[The records Boundary: Start]
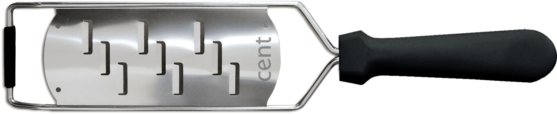 Reibe Edelstahl, schwarzer Kunststoffgriff, oval geformt, 31,5x6,5 cm, Spülmaschinengeeignet, Reinigung per Hand empfohlen.
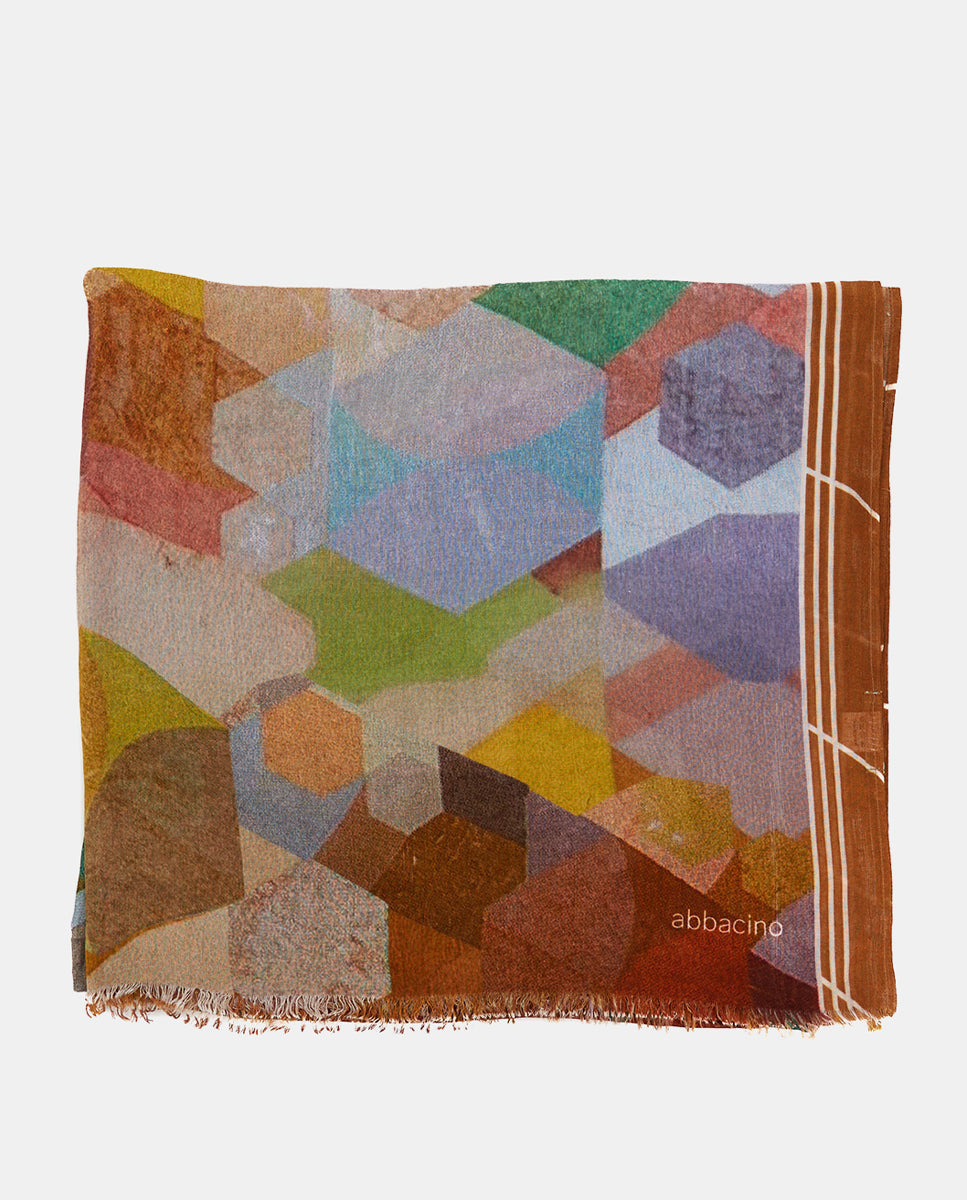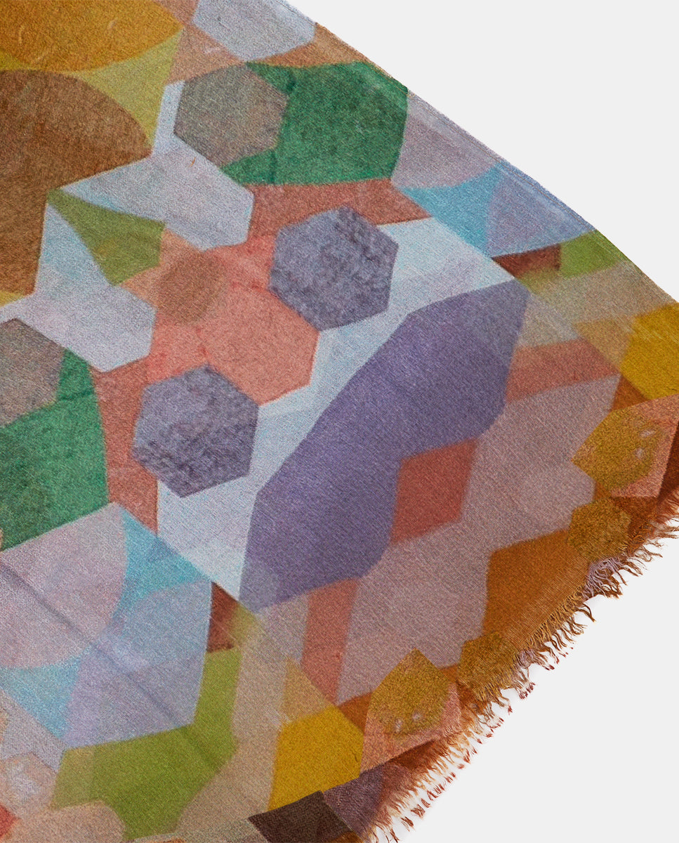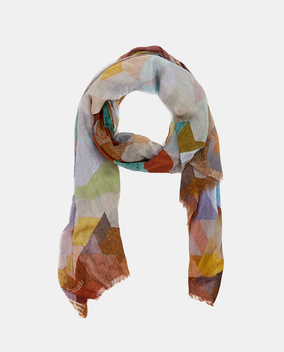 Pañuelo de mujer elaborado 100% en viscosa, con un estampado geométrico que evoca las formas de un caleidoscopio. Su tejido fresco y ligero lo convierte en el complemento ideal para los días de verano, mientras que los bordes deshilados le aportan un aire casual y desenfadado.
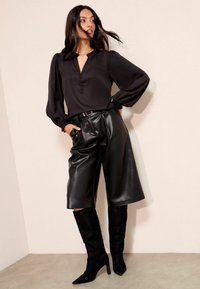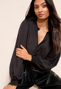 REGULAR FIT - LONG SLEEVE V-NECK BUTTON FRONT - Blouse - black
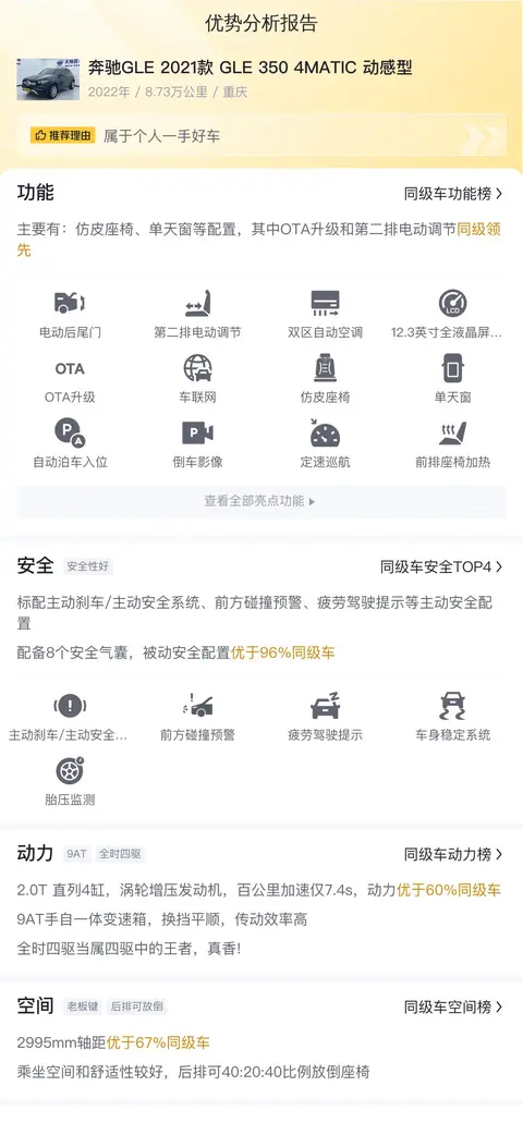 对于一辆车况好的二手车,大家更想了解它相对于同级竞品有哪些优势,我们综合分析后,从动力、空间、功能配置等方面为您总结了这辆车的优势,希望对您有用。
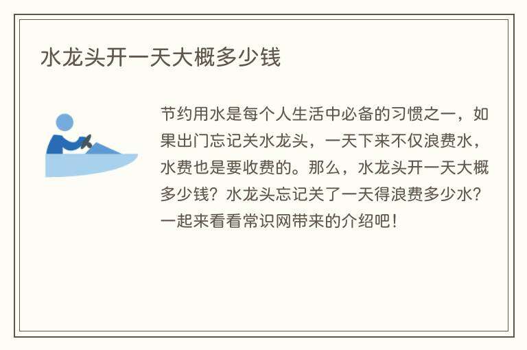 节约用水是每个人生活中必备的习惯之一,如果出门忘记关水龙头,一天下来不仅浪费水,水费也是要收费的。那么,水龙头开一天大概多少钱?水龙头忘记关了一天得浪费多少水?一起来看看常识网带来的介绍吧!
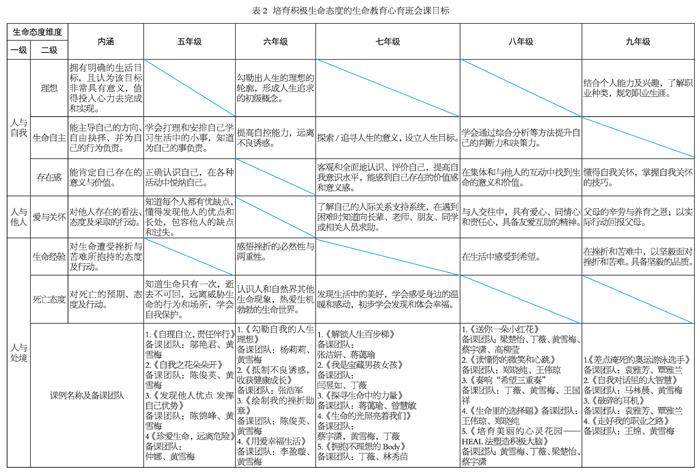 【摘要】本文从培育中小学生积极生命态度角度出发,围绕人与自我、人与他人、人与处境三个向度及理想、生命自主、存在感、爱与关怀、生命经验、死亡态度六个维度,借助专业心理老师的力量开发了22节从五年级至九年级契合年龄特点凸显年级特色的积极生命态度心育班会课,希望能为生命教育带来新的角度和思考。
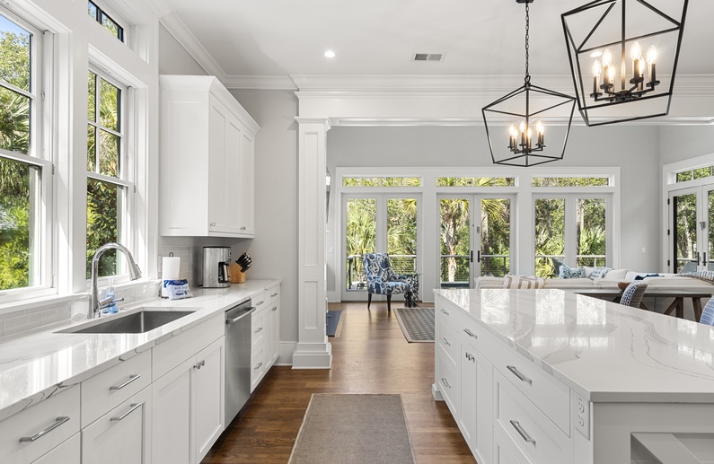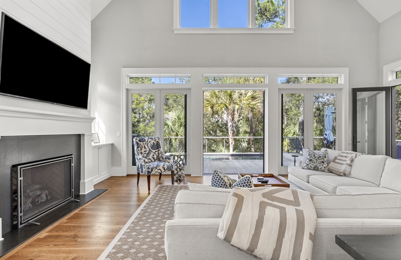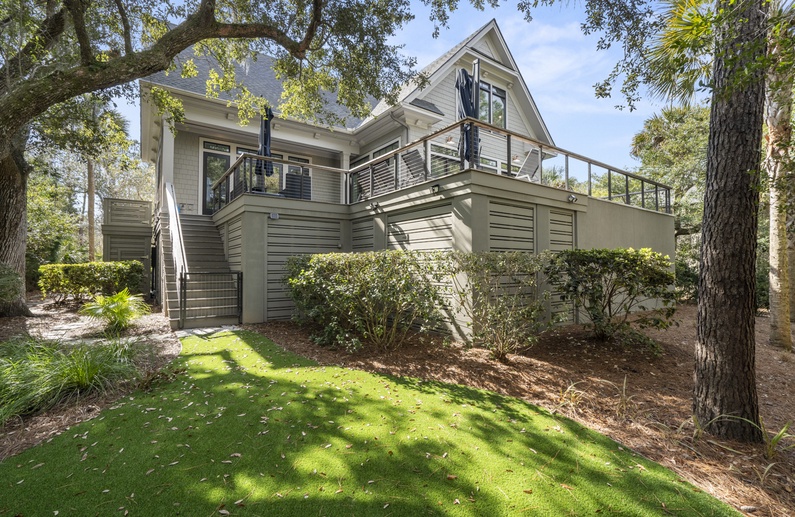 This Kiawah Island vacation rental features 4 bedrooms, a pool, and a spacious back deck. Conveniently located on Governors Drive, the main thoroughfare in Vanderhorst Plantation, the home is a 7-minute bike ride to the beach.
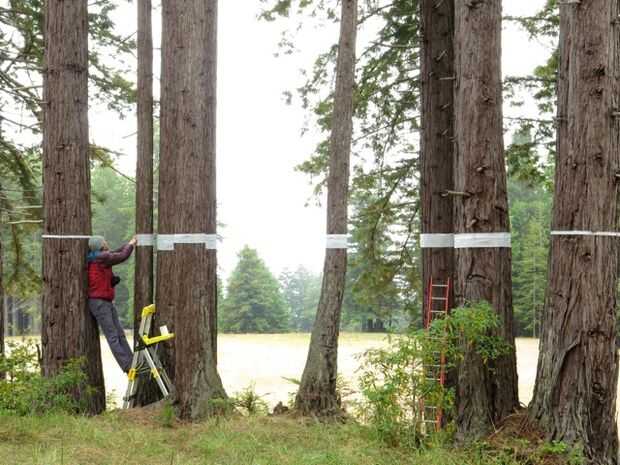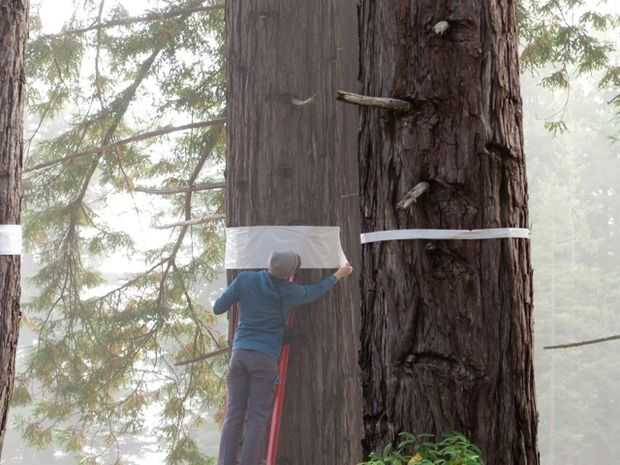 Una vez que la línea completa fue instalada en un árbol, se procedió a ajustar el ancho de línea en sus árboles vecinos para que coincida con la anchura aparente como se ve en el visor de la cámara. Pasar de árbol a árbol en esa forma y usando escaleras según sea necesario, instalamos cinta horizontal marcar líneas de 12" de ancho en 23' de altura (en el árbol más lejano) a 3" de ancho en 6' de altura (en el árbol más cercano).
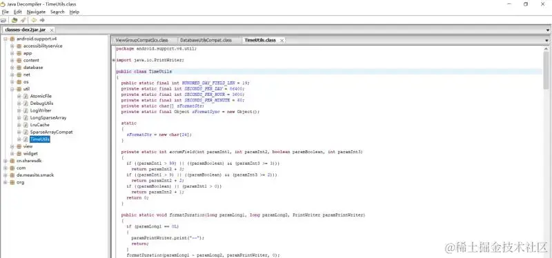 选择file-open file,并选择刚刚生成的classes-dex2jar.jar文件,即可查看相关源代码:
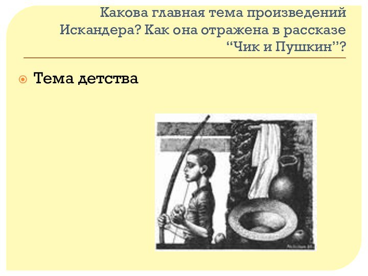 Какова главная тема произведений Искандера? Как она отражена в рассказе “Чик и Пушкин”? Тема детства
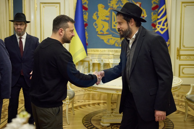 Le président ukrainien Volodymyr Zelensky et des représentants du clergé juif d'Ukraine participent à la cérémonie de Hanoukka à Kiev, en allumant la première bougie du memorah, le 7 décembre 2023. On the occasion of the beginning of the Jewish holiday of Hanukkah, President Volodymyr Zelenskyy and representatives of the Jewish clergy of Ukraine took part in the Hanukkah candle lighting ceremony. December 7th, 2023.
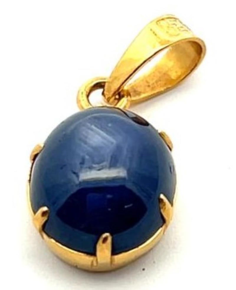 22CT YELLOW GOLD BLUE STAR SAPPHIRE PENDANT, OVAL CABOCHON CUT SAPPHIRE 6 CLAW SET, PENDANT MEASURES 1.9X1.0CM INCLUDING BALE, XRF GOLD TEST, PENDANT WEIGHT 2.36 GRAMS. THIS ITEM HAS BEEN PROFESSIONALLY VERIFIED AS A GENUINE PRODUCT AND COMES WITH ACCOMPANYING 3RD PARTY CERTIFICATE OF AUTHENTICITY
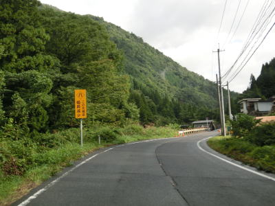 | 消えかけのセンターラインの2車線道路を走っていると板ヶ谷川に架かる橋を渡るが、その手前に幅員減少に注意を促す標識が立てられている。狭いのは橋上だけで、しかも糸王は2車線道路である。橋の両側に歩道が設置されているが、狭すぎて実用性は低そうである。板ヶ谷川の左岸に戻った所で板ヶ谷チェーン着脱場を通過する。その後は沿線の家屋がさらに少なくなり、緩やかながら長い上り勾配が続く。 | ||
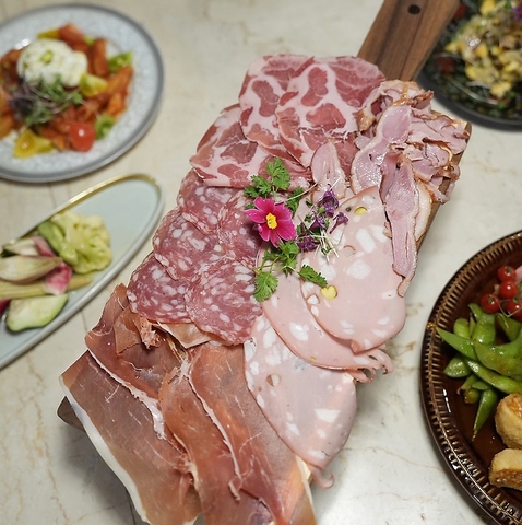 香り・旨味・食感の異なる厳選ハムを贅沢に盛り合わせた一皿。それぞれの個性が引き立つよう厚みや切り方にもこだわりました。まずはそのまま、次にお酒と合わせてお楽しみください。ワインとの相性は抜群で、前菜としてシェアにも最適。食事のスタートを華やかに彩る人気メニューです。
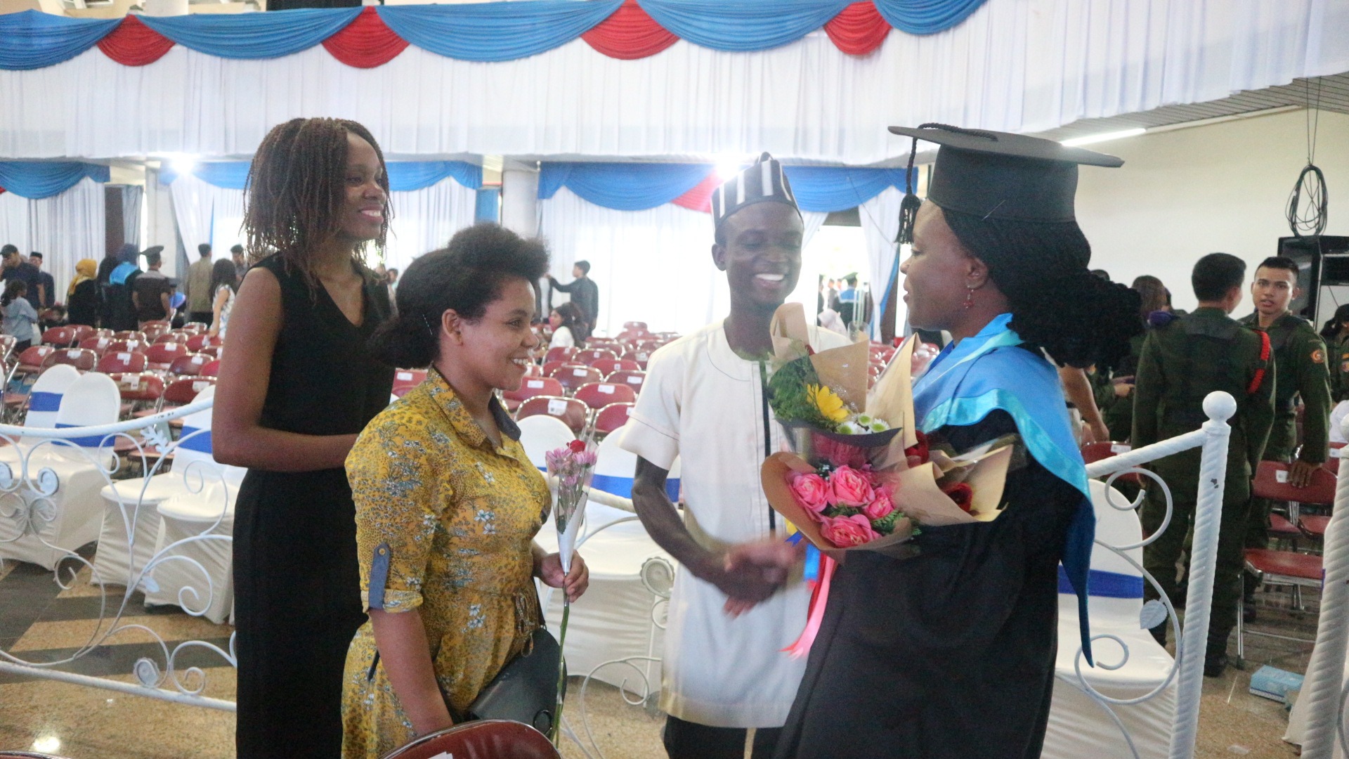Kampus ITS, ITS News – Prosesi wisuda 119 Institut Teknologi Sepuluh Nopember (ITS) Surabaya telah usai. Berbagai hiruk-pikuk yang ada turut mewarnai jalannya wisuda 119. Mulai dari peraih gelar doktor termuda, mahasiswa prestatif, nyanyian penuh kejutan dari Rektor ITS, Prof Ir Joni Hermana MScEs PhD, serta berbagai hal menarik lainnya. Tidak luput dari perhatian, wisuda kali ini juga turut meluluskan beberapa mahasiswa mancanegara. Satu di antaranya ialah mahasiswi asal Zimbabwe.
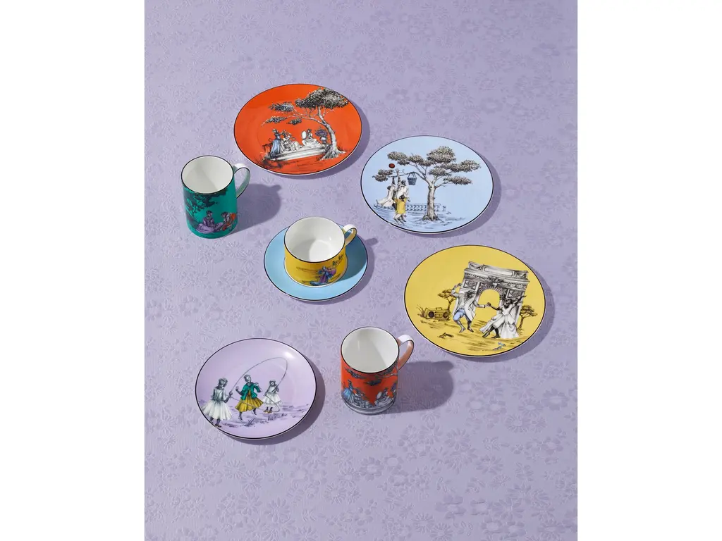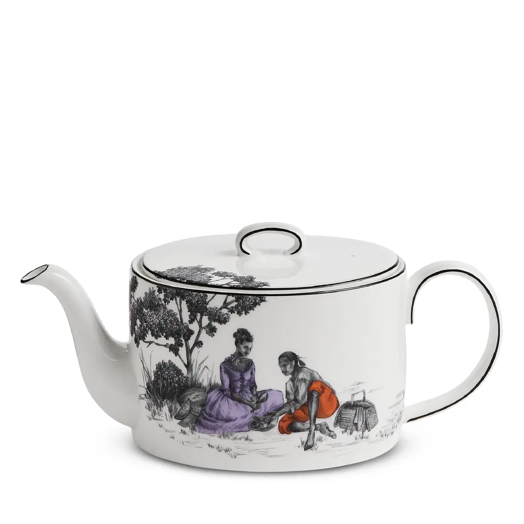 Display a beautiful tablescape with the whimsy scenes depicted on this collection created in collaboration between Sheila Bridges and Wedgwood. This collection features interior designer Sheila Bridges' much-admired design, Harlem Toile de Jouy. The design draws inspiration from traditional French toile, reimagined to celebrate a complex history and rich culture, while exploring stereotypes and allowing expression of politics and art. Like Sheila, Josiah Wedgwood voiced his political stance through creativity and craft. His Slave Medallion, "Am I Not a Man and a Brother", was sent to Benjamin Franklin to raise awareness of the anti-slavery movement. Sheila was first introduced to Wedgwood by her mother, who gave her a black and white medallion which she now wears as a necklace.This collaboration sees Sheila's popular design meet Wedgwood's fine bone china, for a collection that celebrates art as a tool for storytelling and change.
[The records Boundary: End]
__Required action__
Retype all of the listing word for word and skip the pictures.

__Answer for the task__
 Reibe Edelstahl, schwarzer Kunststoffgriff, oval geformt, 31,5x6,5 cm, Spülmaschinengeeignet, Reinigung per Hand empfohlen.
 Pañuelo de mujer elaborado 100% en viscosa, con un estampado geométrico que evoca las formas de un caleidoscopio. Su tejido fresco y ligero lo convierte en el complemento ideal para los días de verano, mientras que los bordes deshilados le aportan un aire casual y desenfadado.
 REGULAR FIT - LONG SLEEVE V-NECK BUTTON FRONT - Blouse - black
 对于一辆车况好的二手车,大家更想了解它相对于同级竞品有哪些优势,我们综合分析后,从动力、空间、功能配置等方面为您总结了这辆车的优势,希望对您有用。
 节约用水是每个人生活中必备的习惯之一,如果出门忘记关水龙头,一天下来不仅浪费水,水费也是要收费的。那么,水龙头开一天大概多少钱?水龙头忘记关了一天得浪费多少水?一起来看看常识网带来的介绍吧!
 【摘要】本文从培育中小学生积极生命态度角度出发,围绕人与自我、人与他人、人与处境三个向度及理想、生命自主、存在感、爱与关怀、生命经验、死亡态度六个维度,借助专业心理老师的力量开发了22节从五年级至九年级契合年龄特点凸显年级特色的积极生命态度心育班会课,希望能为生命教育带来新的角度和思考。
 This Kiawah Island vacation rental features 4 bedrooms, a pool, and a spacious back deck. Conveniently located on Governors Drive, the main thoroughfare in Vanderhorst Plantation, the home is a 7-minute bike ride to the beach.
 Una vez que la línea completa fue instalada en un árbol, se procedió a ajustar el ancho de línea en sus árboles vecinos para que coincida con la anchura aparente como se ve en el visor de la cámara. Pasar de árbol a árbol en esa forma y usando escaleras según sea necesario, instalamos cinta horizontal marcar líneas de 12" de ancho en 23' de altura (en el árbol más lejano) a 3" de ancho en 6' de altura (en el árbol más cercano).
 选择file-open file,并选择刚刚生成的classes-dex2jar.jar文件,即可查看相关源代码:
 Какова главная тема произведений Искандера? Как она отражена в рассказе “Чик и Пушкин”? Тема детства
 Le président ukrainien Volodymyr Zelensky et des représentants du clergé juif d'Ukraine participent à la cérémonie de Hanoukka à Kiev, en allumant la première bougie du memorah, le 7 décembre 2023. On the occasion of the beginning of the Jewish holiday of Hanukkah, President Volodymyr Zelenskyy and representatives of the Jewish clergy of Ukraine took part in the Hanukkah candle lighting ceremony. December 7th, 2023.
 22CT YELLOW GOLD BLUE STAR SAPPHIRE PENDANT, OVAL CABOCHON CUT SAPPHIRE 6 CLAW SET, PENDANT MEASURES 1.9X1.0CM INCLUDING BALE, XRF GOLD TEST, PENDANT WEIGHT 2.36 GRAMS. THIS ITEM HAS BEEN PROFESSIONALLY VERIFIED AS A GENUINE PRODUCT AND COMES WITH ACCOMPANYING 3RD PARTY CERTIFICATE OF AUTHENTICITY
 | 消えかけのセンターラインの2車線道路を走っていると板ヶ谷川に架かる橋を渡るが、その手前に幅員減少に注意を促す標識が立てられている。狭いのは橋上だけで、しかも糸王は2車線道路である。橋の両側に歩道が設置されているが、狭すぎて実用性は低そうである。板ヶ谷川の左岸に戻った所で板ヶ谷チェーン着脱場を通過する。その後は沿線の家屋がさらに少なくなり、緩やかながら長い上り勾配が続く。 | ||
 香り・旨味・食感の異なる厳選ハムを贅沢に盛り合わせた一皿。それぞれの個性が引き立つよう厚みや切り方にもこだわりました。まずはそのまま、次にお酒と合わせてお楽しみください。ワインとの相性は抜群で、前菜としてシェアにも最適。食事のスタートを華やかに彩る人気メニューです。
Kampus ITS, ITS News – Prosesi wisuda 119 Institut Teknologi Sepuluh Nopember (ITS) Surabaya telah usai. Berbagai hiruk-pikuk yang ada turut mewarnai jalannya wisuda 119. Mulai dari peraih gelar doktor termuda, mahasiswa prestatif, nyanyian penuh kejutan dari Rektor ITS, Prof Ir Joni Hermana MScEs PhD, serta berbagai hal menarik lainnya. Tidak luput dari perhatian, wisuda kali ini juga turut meluluskan beberapa mahasiswa mancanegara. Satu di antaranya ialah mahasiswi asal Zimbabwe.
 Display a beautiful tablescape with the whimsy scenes depicted on this collection created in collaboration between Sheila Bridges and Wedgwood. This collection features interior designer Sheila Bridges' much-admired design, Harlem Toile de Jouy. The design draws inspiration from traditional French toile, reimagined to celebrate a complex history and rich culture, while exploring stereotypes and allowing expression of politics and art. Like Sheila, Josiah Wedgwood voiced his political stance through creativity and craft. His Slave Medallion, "Am I Not a Man and a Brother", was sent to Benjamin Franklin to raise awareness of the anti-slavery movement. Sheila was first introduced to Wedgwood by her mother, who gave her a black and white medallion which she now wears as a necklace.This collaboration sees Sheila's popular design meet Wedgwood's fine bone china, for a collection that celebrates art as a tool for storytelling and change.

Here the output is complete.